Clay pot rice.
Clay pot rice.
Image: Supplied

There’s a well-known street dish where I grew up. It’s called the clay pot rice. You can translate into English as “the rice casserole”. It’s a traditional “one pot” dish that can date back 2000 years. A typical clay pot rice restaurant consists of an army of clay pots on their individual flames, the chef looks like a musical conductor pacing up and down the rows of fire and perfecting the heat of each pot, making sure they all come out delicious.

Clay pot rice is presoaked and cooked in a clay pot and finished off with other ingredients as toppings. The most common toppings are chicken, mushrooms, mustard greens and wind dried sausages. The clay pot sizzles in the end to develop a delicious crispy crust at the bottom, the part where you never want to share with anybody.

The use of clay has wisdom of its own, it heats up evenly and slowly, the chef can control the heat of a clay pot with more ease. Clay pot adds flavour to the rice, and it’s mandatory for  perfect clay pot rice to have that golden, brown, delicious “crispy bottom” crust, similar to the “skhokho” for pap, or the crispy layer of the Iranian tahdig, bibimpap and paella.

Traditionally, clay pot rice is prepared in an individual pot served as one portion per person

Clay pot truly captured the importance of applying heat correctly to cooking. Slow and steady does it, as a phrase in Chinese suggests “when the heat is there, it will be done”, work on the heat and let everything else come together.

For this recipe, I’ve used to chorizo instead of the Lap Cheung, a sweet Cantonese sausage traditionally used. I like that chorizo adds a smoky flavour, and complements the other ingredients in the clay pot perfectly. Clay pot rice is usually for individual portions, but if you want to cook for an entire family, I don’t see why you can’t treat it as another idea for a weekday one-pot dinner. Give it a try!



Note: traditionally, clay pot rice is prepared in an individual pot served as one portion per person. The quantity I use here is to serve one. If you’d like to make this dish for more than one person, then multiply the ingredients accordingly. From my experience, in a medium-sized round pot, with three cups of rice, quadruple the ingredients I suggest in this article, you can serve four people.

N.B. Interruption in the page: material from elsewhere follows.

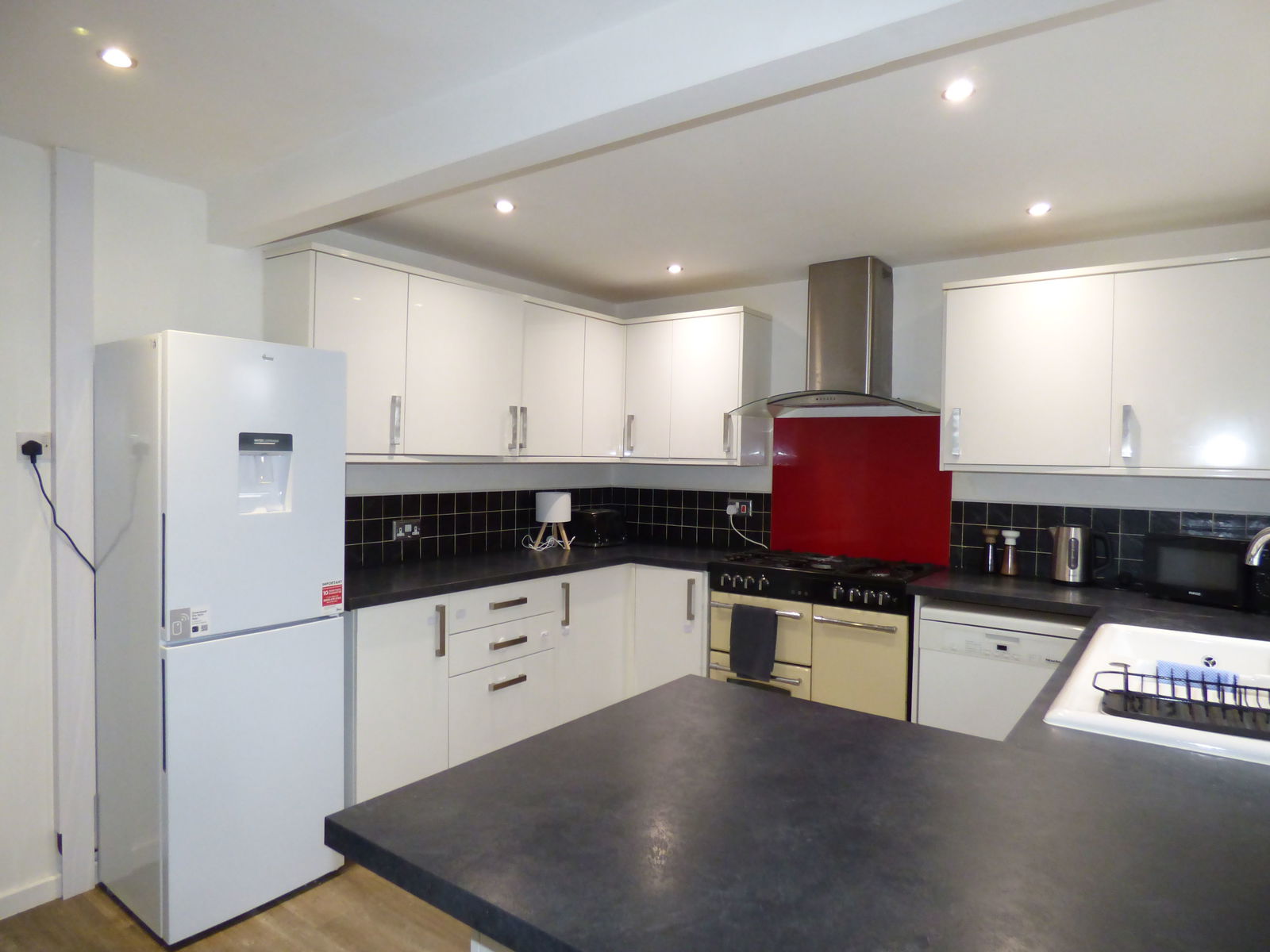 Positioned across the rear of the property and divided into two main areas the first of which is the kitchen fitted with a range of gloss fronted drawer and cupboard base units with chrome handles and worktop over. Matching wall units. A one and a half bowl ceramic sink with mixer tap and drainer is set under the double glazed window overlooking the rear garden. There is space and connection point for a range cooker with a stainless steel extractor over, undercounter washing machine point and full height fridge freezer. There is a breakfast bar style return with cupboards under dividing the kitchen from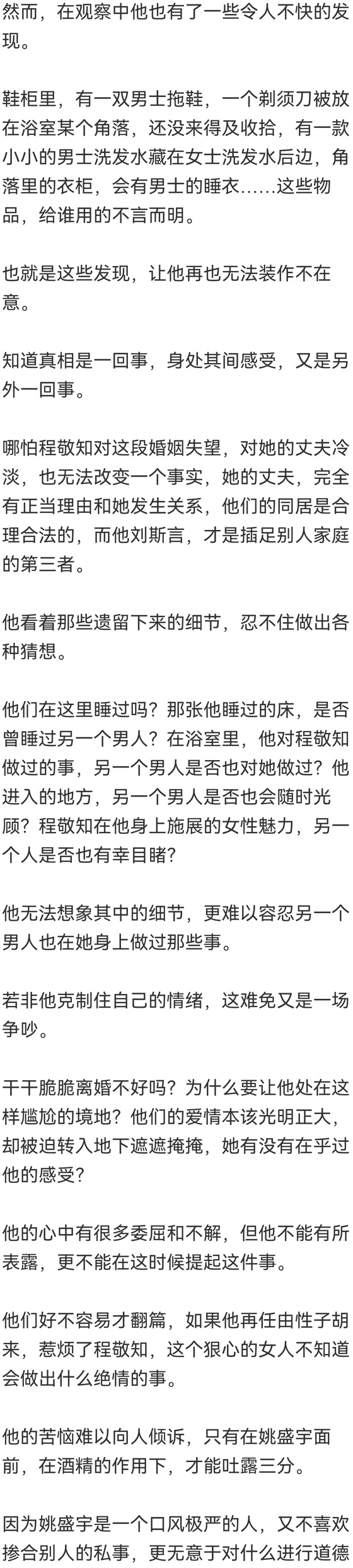 刘斯言曾给他的爱情指点迷津,让他和敬知的关系有所突破,姚盛宇也不介意以一个旁观者的身份给他提供一些思路,哪怕这些思路不那么道德。

  • 1 cup long-grain rice, presoaked in water for 30 minutes before cooking
  • 2 to 3 bunches of baby bak choy, washed thoroughly
  • 6 thickly sliced smoked chorizo
  • Boneless, skinless chicken thighs, I use the ones from Woolworths, about three to four pieces, thinly sliced.

Marinade ingredients:

  • 1 TBS light soy
  • ½ TBS dark soy
  • 1 tsp cooking oil
  • 1 TBS oyster sauce
  • 1 TBS corn flour
  • ½ tsp brown sugar
  • 3-4 fresh shiitake mushrooms, washed thoroughly, you can use dried, presoaked and rehydrated.


  1. Drain water from presoaked rice, add fresh water, must cover 1cm over rice, on medium-high heat, bring to boil, then lower heat, keep checking, the rest of the ingredients must be added when rice is 70% cooked, slightly “al dente” in texture.
  2. While the rice is cooking, bring water to boil and blanch baby bok choy for three minutes.
  3. Once rice is almost ready, arrange sliced chorizo, baby bok choy and marinated chicken pieces on top of rice, cover with lid, simmer cook on low heat for about eight minutes, try not open too many times as heat will escape and affect cooking time.
  4. In the meantime, make this sweetened soy sauce to drizzle over your clay pot rice at the end:
  • 2 TSB light soy
  • 1 TSB dark soy
  • 1 TSB brown sugar
  • 4 TSB of water

THE BEST PART: drizzle sauce over and listen to the crackling sounds at the bottom. Serve and enjoy!

Long-grain rice is preferred over short-grain rice, as they can cook easily, and, after soaking up the fat from the toppings, each grain appears to be translucent, almost like thousands of tiny shiny crystals, add to the beauty of the dish.

Lastly, when you drizzle the sweet soy sauce over the dish, you have to experience the “ts ts” sound as the cold sauce meets the heat at the bottom of the pot, where the flavourful crispy bottom was created.